«Aujourd'hui, je suis en colère.» Sa voix est pourtant remarquablement calme au téléphone. Guillaume Briquet nous appelle de la zone de conflit ukrainienne. L'appel vidéo ne passe pas, il faudra se contenter d'un appel classique. Le Genevois revient pour Blick sur l'attaque par les forces russes dont il a fait l'objet ce week-end, alors qu'il était en reportage dans le sud du pays pour le compte d'un média dont il taira le nom.
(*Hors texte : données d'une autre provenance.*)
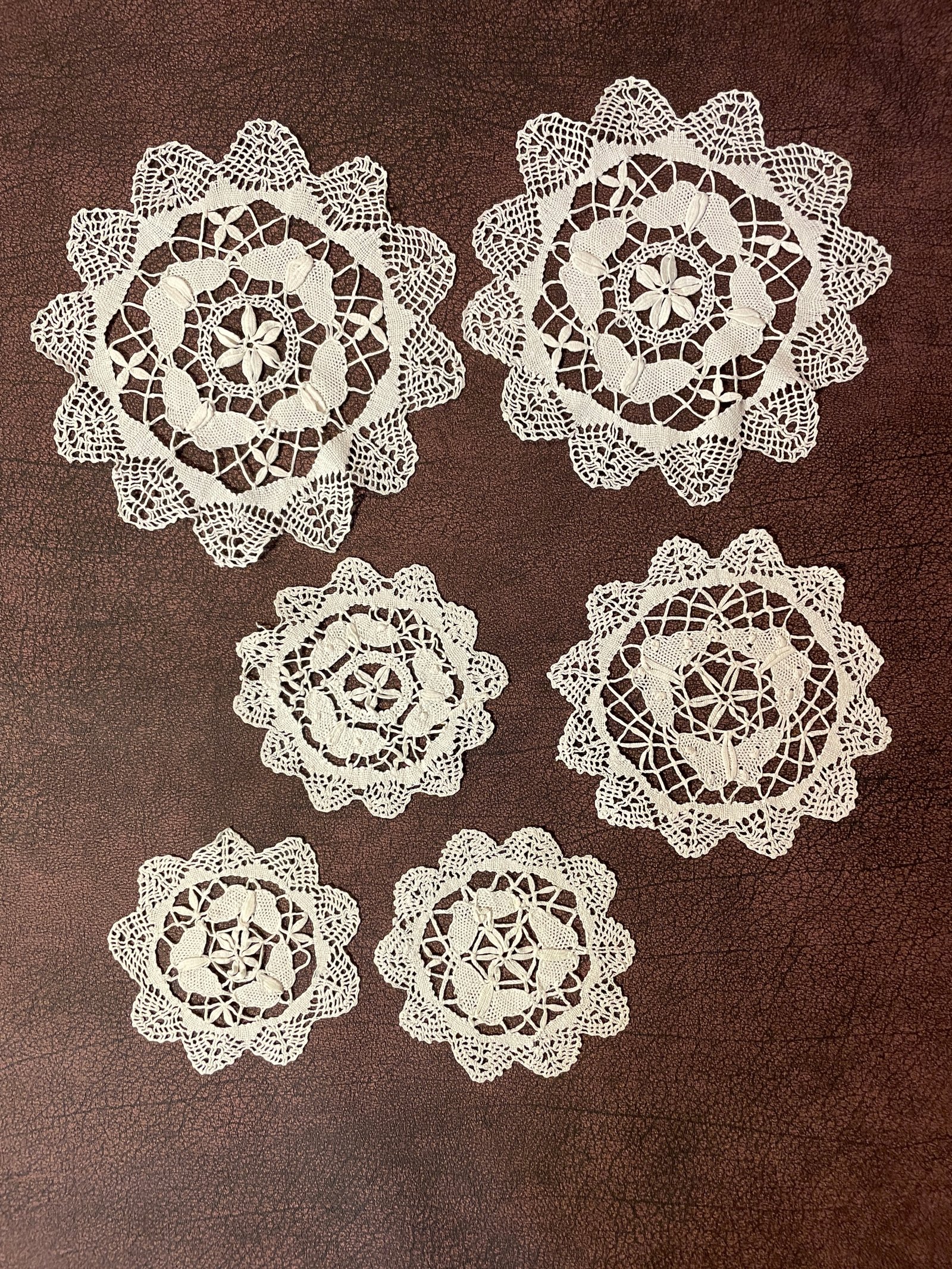 Serwetka vintage 6 sztuki, średnica 21/17/12,5 cm.

«J'ai l'habitude des zones de conflits et me suis déjà fait tirer dessus, mais là, que ça vienne de forces officielles..», nous lâche-t-il, sans finir sa phrase. Il a été attaqué alors qu'il roulait dans une voiture clairement estampillée «presse». Un drapeau suisse ornait son tableau de bord. «Ils ont tiré sans sommation depuis le côté de la route.» Deux balles tirées au niveau de la tête: «C'était donc pour tuer.» Deux autres visent le siège passager. Les tirs étaient croisés et ont traversé le véhicule en diagonale, nous explique-t-il. Il arrête immédiatement le véhicule. Surgissent alors une dizaine d'hommes en uniforme non marqués, mais qui lui rappellent celui des Spetsnaz, des forces spéciales russes qui s'infiltrent derrière les lignes ennemies. «Ils étaient tout près, je ne roulais pas vite.» Il décide de sortir immédiatement du véhicule, par peur que ces gestes à l'intérieur de l'habitacle, moins visibles, ne soient mal interprétés. Il crie «Journaliste!», avant de demander de quel camp sont les soldats qui le tiennent en joue. «Ruskii», lui répond-on.
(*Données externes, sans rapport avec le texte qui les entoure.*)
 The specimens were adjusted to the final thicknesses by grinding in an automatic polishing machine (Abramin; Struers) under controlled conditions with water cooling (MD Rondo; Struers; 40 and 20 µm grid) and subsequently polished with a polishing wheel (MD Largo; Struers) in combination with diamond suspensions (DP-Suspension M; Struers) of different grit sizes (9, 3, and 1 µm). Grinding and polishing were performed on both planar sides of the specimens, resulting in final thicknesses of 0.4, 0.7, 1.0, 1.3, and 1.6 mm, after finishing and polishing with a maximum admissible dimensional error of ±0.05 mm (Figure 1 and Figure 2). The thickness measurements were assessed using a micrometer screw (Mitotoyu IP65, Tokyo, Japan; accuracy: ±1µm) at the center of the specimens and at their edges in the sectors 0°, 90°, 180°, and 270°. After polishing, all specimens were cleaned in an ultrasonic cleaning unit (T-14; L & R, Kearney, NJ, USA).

Il refuse de leur céder son appareil photo
Cela fait sens pour lui: certains d'entre eux ont des traits asiatiques, chose rare parmi les forces ukrainiennes, nous assure-t-il. Ils commencent par vider sa voiture, mangent sa nourriture, empochent son argent. «Je me suis fait attaquer par des voyous!», s'énerve-t-il. Ce n'est que lorsqu'ils s'en prennent à son matériel photographique qu'il se défend: «Je leur ai dit que s'ils me prenaient mon appareil, ils pouvaient aussi bien me tuer, je ne partirai pas sans.» Les soldats finissent, à son grand étonnement, par le lui rendre et lui laissent également ses téléphones portables. En revanche, il ne récupèrera ni son ordinateur, ni ses disques dur externes.
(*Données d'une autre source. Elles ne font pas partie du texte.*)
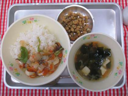 中華丼 わかめスープ ポップビーンズ 牛乳

Briquet restera pour travailler
Entre temps, Guillaume Briquet a été pris en charge dans un hôpital ukrainien et la police locale. Ses blessures sont superficielles: des éclats de verre dans le bras, qu'on lui a retirés dans la nuit de dimanche à lundi. «Je suis content d'être vivant», nous dit-il. Nous nous montrons admiratifs face à son sang-froid extraordinaire, il déclare alors: «Dans ces moments-là, on fonctionne à l'instinct et à l'adrénaline. Visiblement, je n'ai pas trop mal réagi.»
Le journaliste n'a pas, pour l'instant, l'intention d'être rapatrié. Il nous confie vouloir continuer à travailler, dès qu'il pourra remettre la main sur un ordinateur. Il constate également la futilité de fuir le pays, à l'heure actuelle: «les bouchons s'étendent sur des centaines de kilomètres. Alors si c'est pour rester deux ou trois jours bloqués, autant rester et travailler». Sa seule crainte: une attaque russe de la ville où il se trouve. Des avions de chasse russes Mig ont survolé la zone ce matin.